The
latest evidence that subsidies propping up the beleaguered oil industry must continue:
Chevron Corp. said Friday its first-quarter net income rose 36 percent, the latest strong earnings report from a major oil company. ... In all, Chevron's net income rose to $6.21 billion, or $3.09 per share, from $4.55 billion, or $2.27 per share a year ago. The results topped Wall Street expectations and marked Chevron's best three months since it earned $7.9 billion in the third quarter of 2008.
Yesterday, we learned that Shell and ExxonMobil were also struggling to make ends meet, generating a scant $19 billion in profits between them last quarter.

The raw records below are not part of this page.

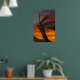 Pieza artística de la puesta de sol en el fondo, madera en el frente que se parece a un dragón.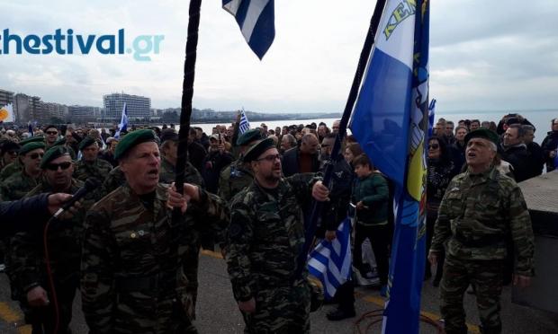 Έφεδροι ειδικών δυνάμεων έφτασαν πριν από λίγο στο Άγαλμα του Μεγάλου Αλεξάνδρου, στην ομώνυμη Λεωφόρο της Θεσσαλονίκης, τραγουδώντας το "Μακεδονία Ξακουστή".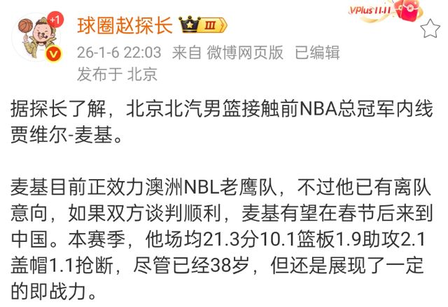 之前北京首钢接触了几位在CBA打过球的内线,但都不符合球队的要求,毕竟北京首钢的目标就是冲击总冠军,加上已经使用了一次更换外援资格,那么到了季后赛,调整的机会就不多了。 北京首钢在这样的前提下,开始接触麦基,由于NBL赛季结束的很早,所以麦基也有离队的想法,毕竟两份合同影响不大。
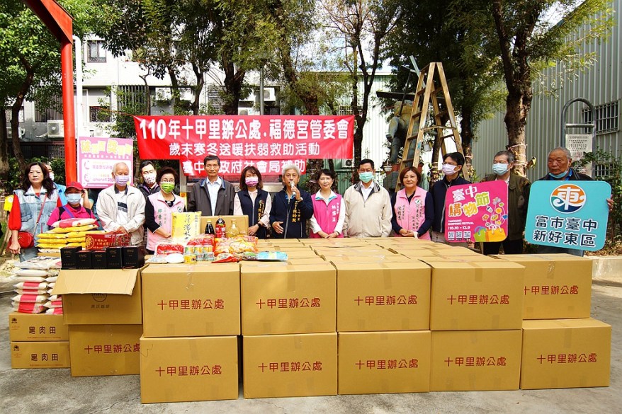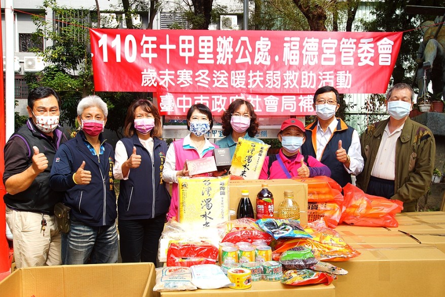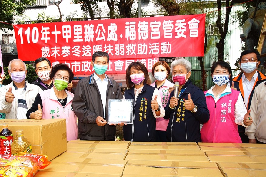 [新媒社 記者張銀澤/台中報導] 110年台中市東區十甲里辦公處、福德宮管理委員會,11月12日福德宮廣場舉行十甲里寒冬送暖、關懷弱勢活動,提供低收入戶及邊緣戶關懷慰問金每名2000元。十甲里善心人士捐款兩萬元購買白米每名3公斤裝三包,里長辦公室籌50箱物資每名一大箱,林霈涵市政顧問加贈每名黑沃咖啡一盒及10片口罩。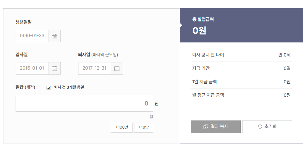 - 실업급여 계산기: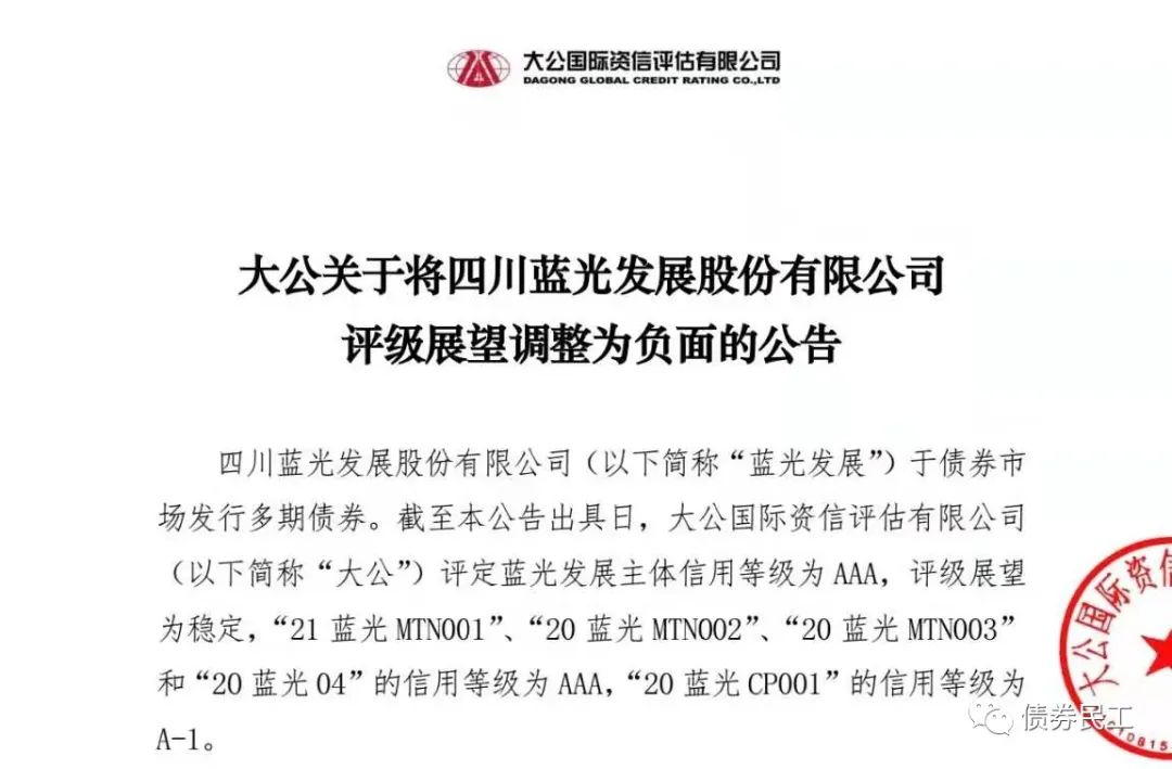 1、2021年6月1日,四川藍(lán)光發(fā)展股份有限公司(以下簡稱“藍(lán)光發(fā)展”)發(fā)布公告,大公國際決定維持藍(lán)光發(fā)展主體信用等級AAA,評級展望調(diào)整為負(fù)面。評級展望調(diào)整為負(fù)面的主要原因是部分項(xiàng)目去化壓力較大、新增土地儲備規(guī)模減少、盈利能力有所下滑、短期償債壓力較大等。而在大公國際調(diào)整藍(lán)光發(fā)展的評級展望之前,標(biāo)普于2021年5月31日將藍(lán)光發(fā)展的長期發(fā)行人信用評級從“B+”下調(diào)至“B-”,并置于負(fù)面信用觀察名單。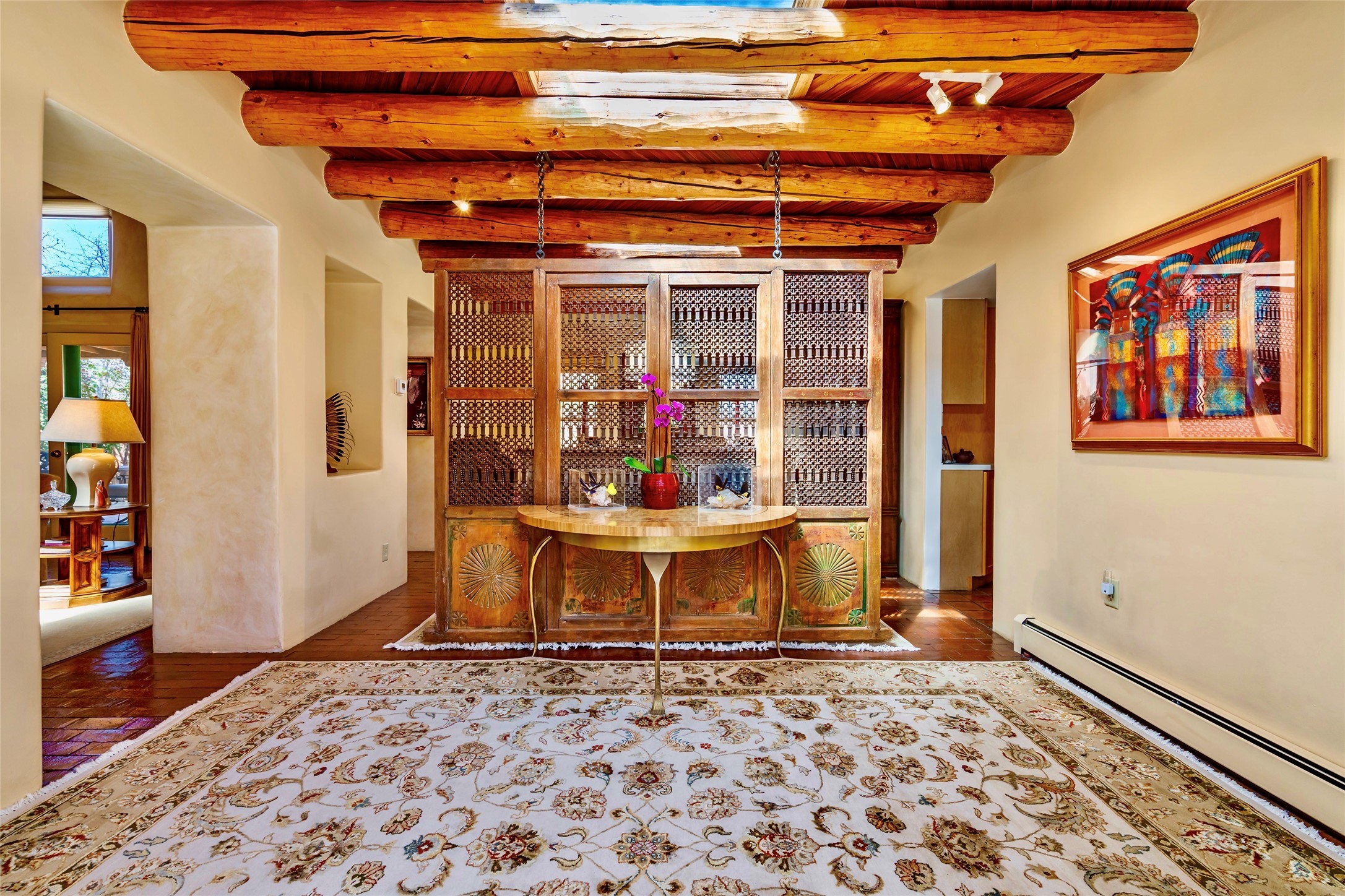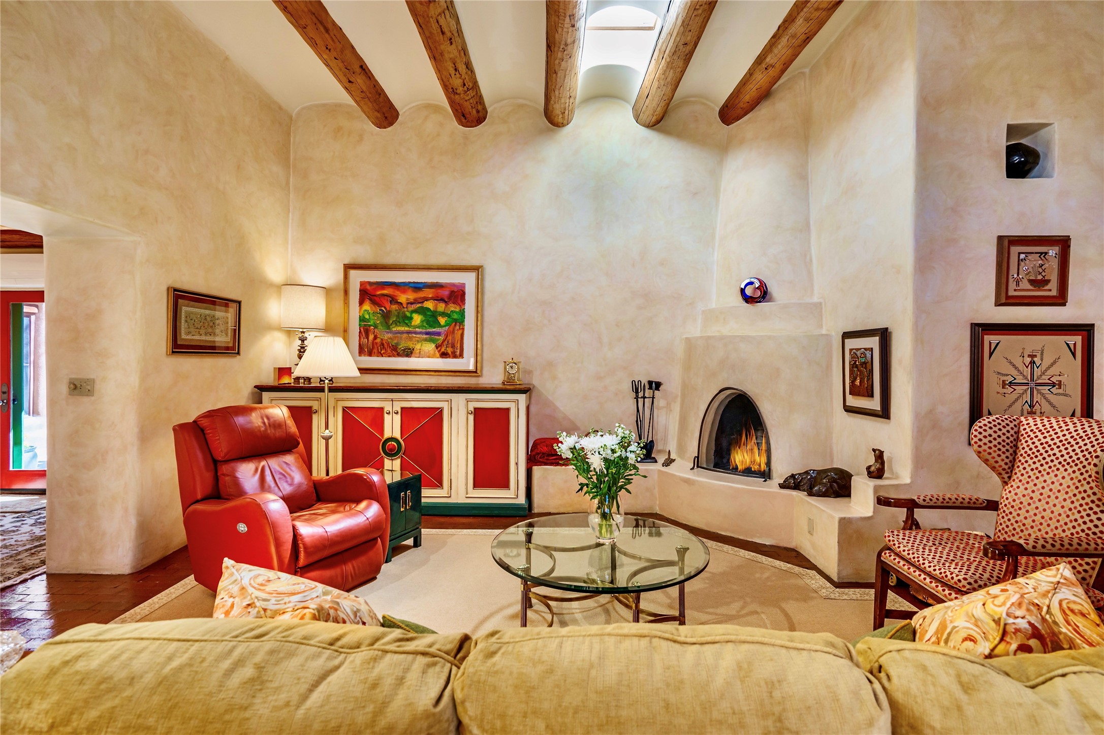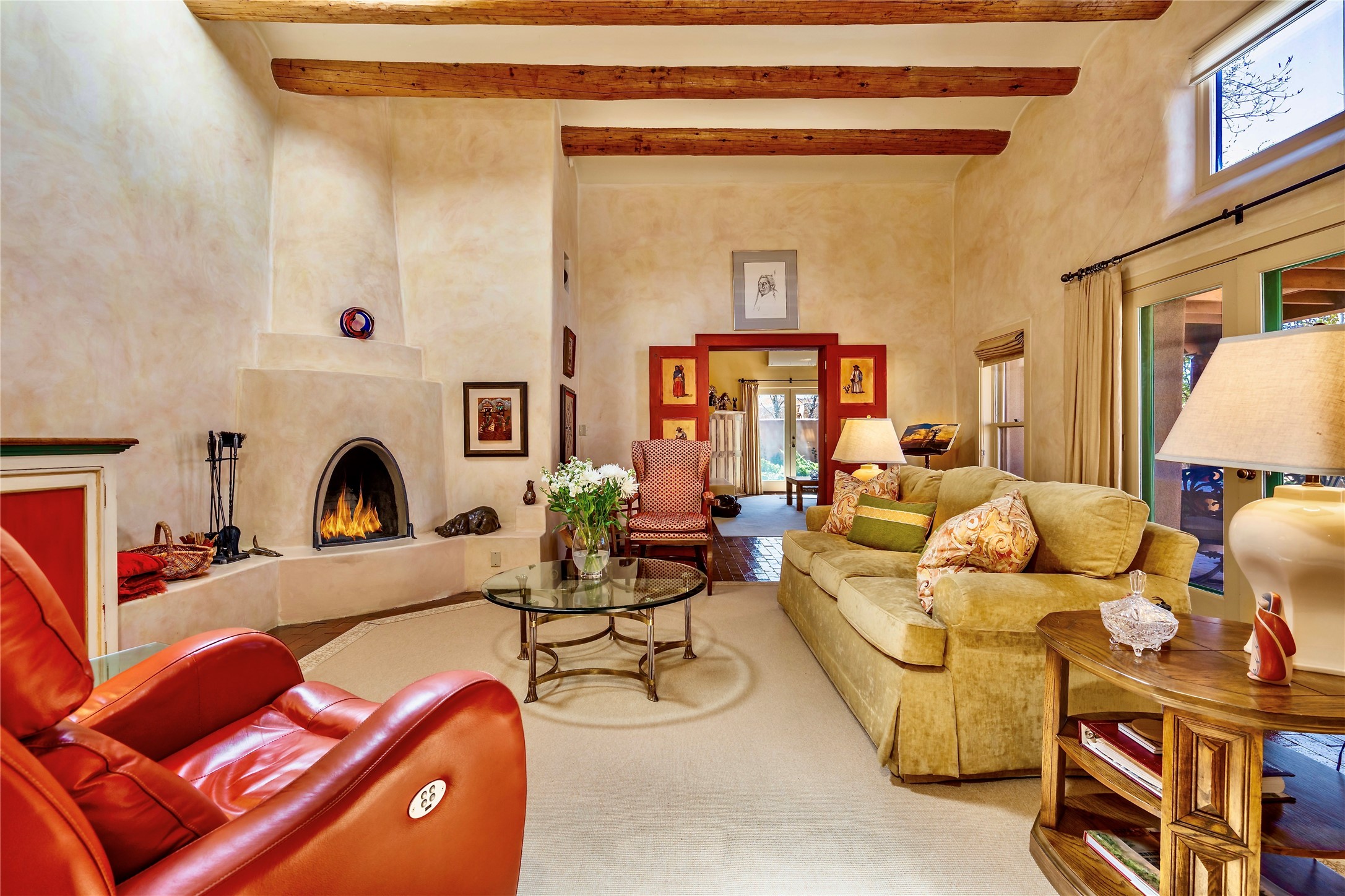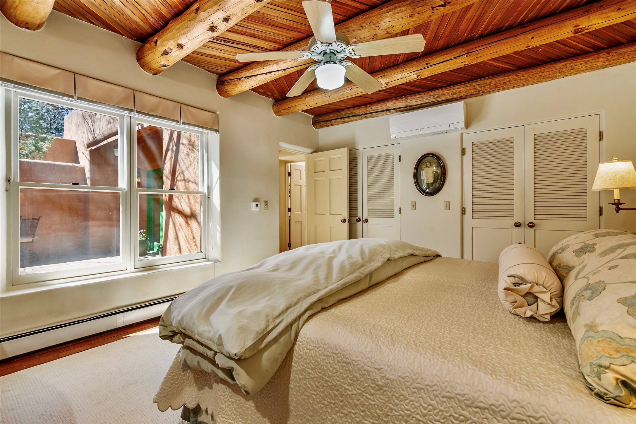 Sensational Acequia Madre Condo in the heart of the historic Eastside. Tucked down a long, private drive in a small 6 unit compound, lies a beautiful, single level, double adobe home featuring specialized features including old Mexican doors, along with the perfect blend of saltillo tile and brick floors. The living room features tall 14 ft coved ceiling with plaster walls, ideal for that very special Santa Fe art collection! This quintessential, corner unit, is fully gated and surrounded by tall walls, patios, portals and gardens. Welcoming bricked, walled and gated entry courtyard along with a rear, West-facing courtyard and portal, trees and private gate to Acequia Madre which is featured in the book Santa Fe Style! Delightful kitchen with center island breakfast bar and plenty of cabinetry. Two spacious bedrooms, one with office nook, and steam shower in the ensuite bathroom. Dedicated laundry room with sink and office area. Oversized 2 car garage with extra storage cabinets + designated guest parking. Mini-splits provide AC and heat along with whole house baseboard heating and water softener. An added, unexpected bonus is the compound water well-each owner shares for outdoor irrigation. Needless to say, Acequia Compound Condos lies in the most fabulous Acequia Madre location surrounded by grand estate-type properties and is close to iconic Canyon Road with the finest of art galleries and restaurants, along with Downtown Subscription for your morning coffee and communal gatherings. Rarely do any units in this compound come available. Truly a five star home in a five star, compound in an A+location!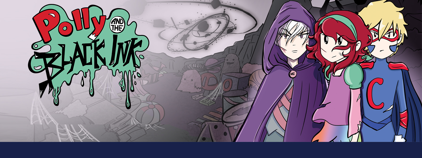 Polly and the Black Ink is an all-ages graphic novel full of adventure, discovery, imagination, fantasy, friendship and a lot of teamwork with the help of a lazy sidekick cat on a journey to fight an epic villain.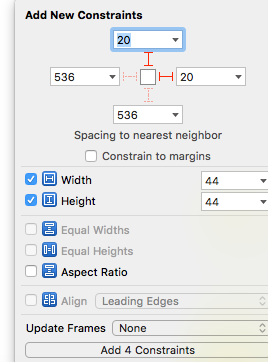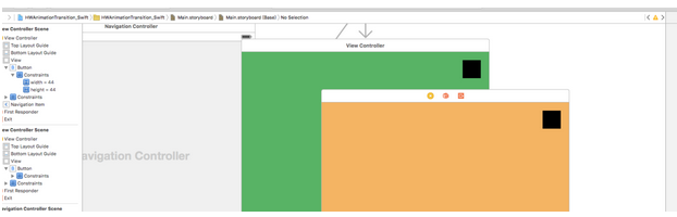 然后在两个VC上分别在同样的位置添加两个完全相同的按钮,位置约束在右上角距离右边和上边分别为20,20的距离,为了区分,将这两个VC设置不同的背景色,如下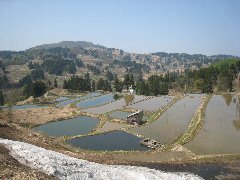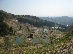 黒金橋からの水無川と越後駒ヶ岳 | 山古志の棚田 (手前は雪です) |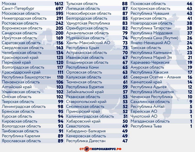 Среди субъектов Федерации по количеству заболевших за сутки лидируют Санкт-Петербург (697 случаев), Московская область (595), Нижегородская область (291), Ростовская область (242), Воронежская область (205), Самарская область (200).

With oil companies under such intense economic pressure, it's a good thing we have solid conservative Republicans like Paul Ryan who are willing to lie to the public about whether or not they support repealing oil company tax subsidies. (Yesterday, he told a town hall audience that he wanted to repeal the subsidies even though he and every other Republican voted to extend them just two months earlier.)
There's another thing that we should all be thankful for: that the debate about our economic future is entirely focused on debt projections generated from Excel spreadsheets that don't take into account the possibility—indeed, the certainty—that over the next twenty to thirty years, the cost of fossil fuels will continue to skyrocket even as we confront the need to make massive investments in alternative sources of energy, not to mention the enormous costs that mitigating the effects of climate change will impose. And that's the optimistic scenario.